Instalação no espaço
Segundo a pesquisadora, o projeto de construção do AMS-02 foi iniciado há mais de 15 anos.
Antes de ser enviado ao espaço, o detector foi testado no feixe de testes do CERN, que, além de ser usado para o LHC, também é utilizado para calibrar as respostas de diferentes detectores de partículas.
Depois da realização dos testes, o detector foi enviado aos Estados Unidos, para a agência espacial norte-americana – a Nasa –, e conduzido à Estação Espacial Internacional, no início de 2011, pelo ônibus espacial Endeavor.
“O AMS-02 é o primeiro e único detector de partículas em operação na Estação Espacial Internacional”, afirmou Vecchi.
“A maioria dos projetos realizados atualmente na Estação é focado em desenvolvimento biológico, como a avaliação de diferentes formas de vida em condições de microgravidade. Os próprios astronautas que trabalham lá são considerados experimentos vivos”, contou.
Os dados são coletados a um ritmo de, aproximadamente, 700 vezes por segundo, processados por computadores a bordo da Estação Espacial Internacional e encaminhados por satélites da Nasa ao centro de controle do experimento, localizado no CERN.
“O centro de controle do experimento, que controla o AMS-02 remotamente, funciona 24 horas, durante todos os dias do ano, porque o detector capta e transfere dados para a Terra ininterruptamente”, disse Vecchi.
De acordo com a pesquisadora, a razão de enviar o detector para o espaço foi possibilitar a medição de raios cósmicos antes de as partículas interagirem com a atmosfera.
Dessa forma, é possível ter acesso à composição dos raios cósmicos e estudar a antimatéria, uma vez que o campo magnético produzido pelo detector permite distinguir cargas positivas e negativas.
“O AMS-02 pode identificar prótons, núcleos de hélio, elétrons, pósitrons, antiprótons e núcleos mais pesados nos raios cósmicos”, afirmou.
Já existem observatórios terrestres de raios cósmicos, como o Pierre Auger – o maior observatório de raios cósmicos em operação no mundo, instalado em Malargüe, na província de Mendoza, na Argentina, a 1,1 mil quilômetros de Buenos Aires (Saiba mais sobre o Observatório Pierre Auger em agencia.fapesp.br/20954).
Os detectores do Pierre Auger, contudo, detectam partículas secundárias, que foram produzidas na interação dos raios cósmicos com a atmosfera, com energias maiores do que as detectadas pelo AMS-02, de 1020 (cem bilhões de bilhões) de elétrons-volts (eV).
“Os objetivos científicos do AMS-02 e do Observatório Pierre Auger são diferentes, mas complementares”, avaliou Vecchi.
“Acreditamos que os raios cósmicos detectados pelo AMS-02 são, provavelmente, de origem galáctica.

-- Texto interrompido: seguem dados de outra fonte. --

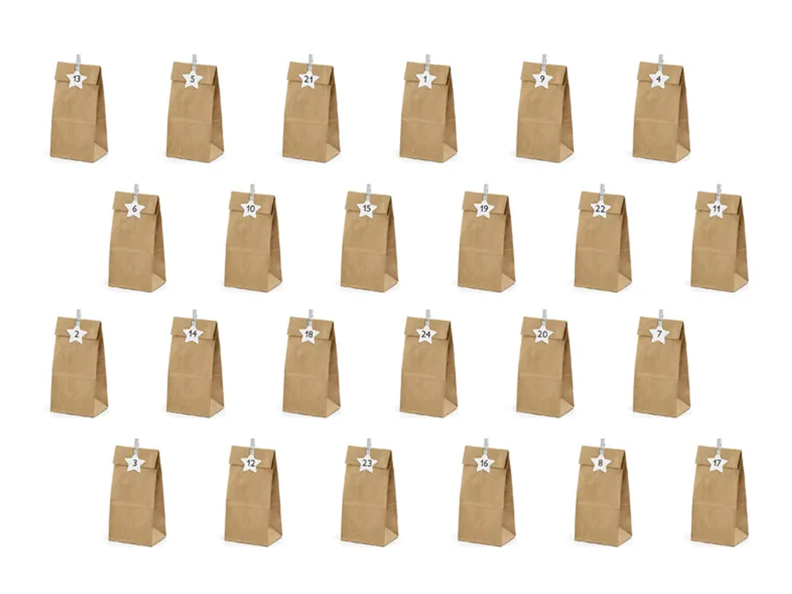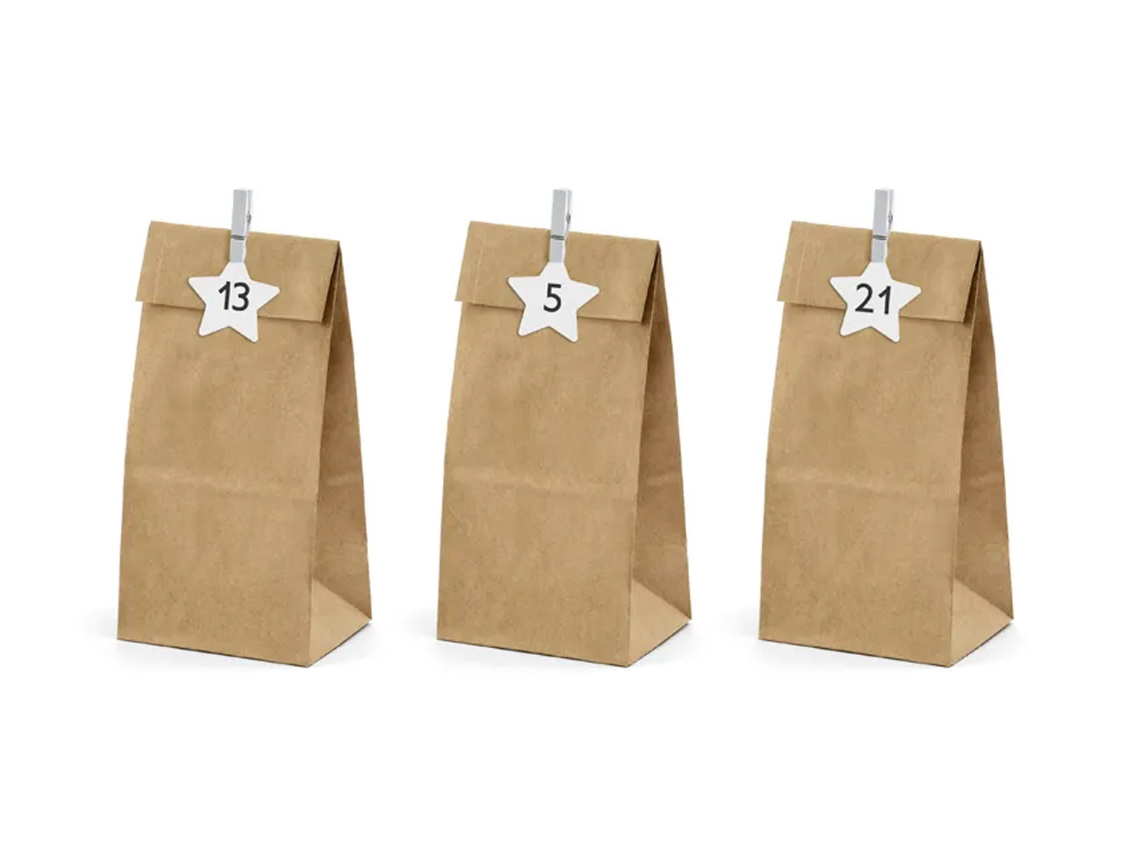 • A készlet tartalmazza: 24 papírzacskó, 24 csillag 1-től 24-ig terjedő számokkal, 24 fehér színű fa ruhacsipesz.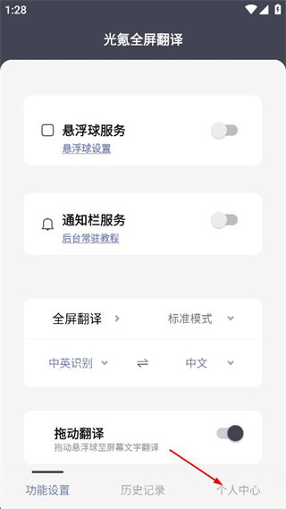 1、打開(kāi)光氪全屏翻譯軟件,點(diǎn)擊底部“個(gè)人中心”圖標(biāo),彈出登錄界面。

Já para estudar raios cósmicos produzidos em fontes que estão fora da nossa galáxia, com energias maiores, precisamos de detectores maiores que estão na Terra, como os do Observatório Pierre Auger”, comparou.
A pesquisadora italiana é membro da colaboração AMS-02 desde 2011, quando realizava um pós-doutorado no CERN, na Suíça.